The state House operating budget permits the same 7 percent tuition increase for undergraduate students attending WSU and UW that the Senate used. But the key difference is something legislative staffers call a “claw back” or “tuition off-set” that was used by the Senate. WSU students will have about half of the tuition money they pay under the Senate plan or $14.7 million snatched by state. Sommers rejected that notion in the House budget, meaning that all increased tuition revenues will be invested in programs at the institution the student attends.
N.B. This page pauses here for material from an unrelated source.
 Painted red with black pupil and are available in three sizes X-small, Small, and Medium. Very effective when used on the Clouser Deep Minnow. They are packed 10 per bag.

Funding per student and “core funding” has been a key message in the UW-WSU budget requests, so both institutions have argued against the “claw back”  and for the Sommers approach.

Other differences between the operating budget that will have to be worked out by the House and Senate during the final weeks of the legislative session:

  • The House budget has no general cuts for WSU, while the Senate budget reduces $2.1 million. Senate Majority Leader Lisa Brown, D-Spokane, is among those who hopes the cuts to higher education can be avoided.
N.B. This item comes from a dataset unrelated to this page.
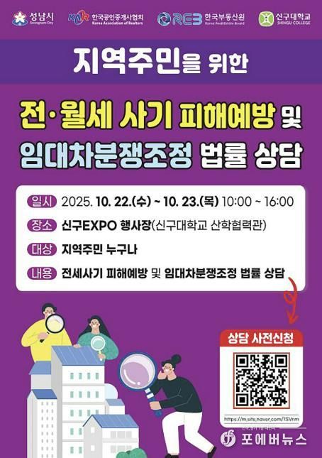 [ 포에버뉴스 김경순 기자 ] 성남시는 오는 10월 22일부터 23일까지 양일간 오전 10시부터 오후 4시까지 신구대학교 신구EXPO 행사장에서 ‘전세사기 피해예방 상담 부스’를 운영한다.

  • The House provides $1.5 million for the College of Veterinary Medicine while the Senate and governor provides $2 million.
  • The House budget provides $12.7 million in new enrollment for WSU campuses compared to $8.3 million by the Senate. WSU Pullman and WSU Spokane would together receive 256 additional undergraduate students funded at $6,303 each, compared to just $5,500 provided by the Senate. The House also provides for 44 additional graduate students funded at $15,000 each. WSU Tri-Cities would receive 25 lower division enrollments for fiscal year 2007 at $6,303 each. WSU Vancouver would receive 150 additional upper-division students funded at $10,000 each and 200 lower division students at $6,303. Authority for Tri-Cities and Vancouver to admit freshmen and sophomores contained in HB 1794 passed the state Senate this afternoon.
  • WSU Vancouver is provided $350,000 in start-up funds to admit freshmen and sophomores. The Senate provided $500,000.
  • The House budget contains no major research funding. The Senate budget includes $400,000 for controlling ghost shrimp, a threat to the Willapa Bay oyster industry.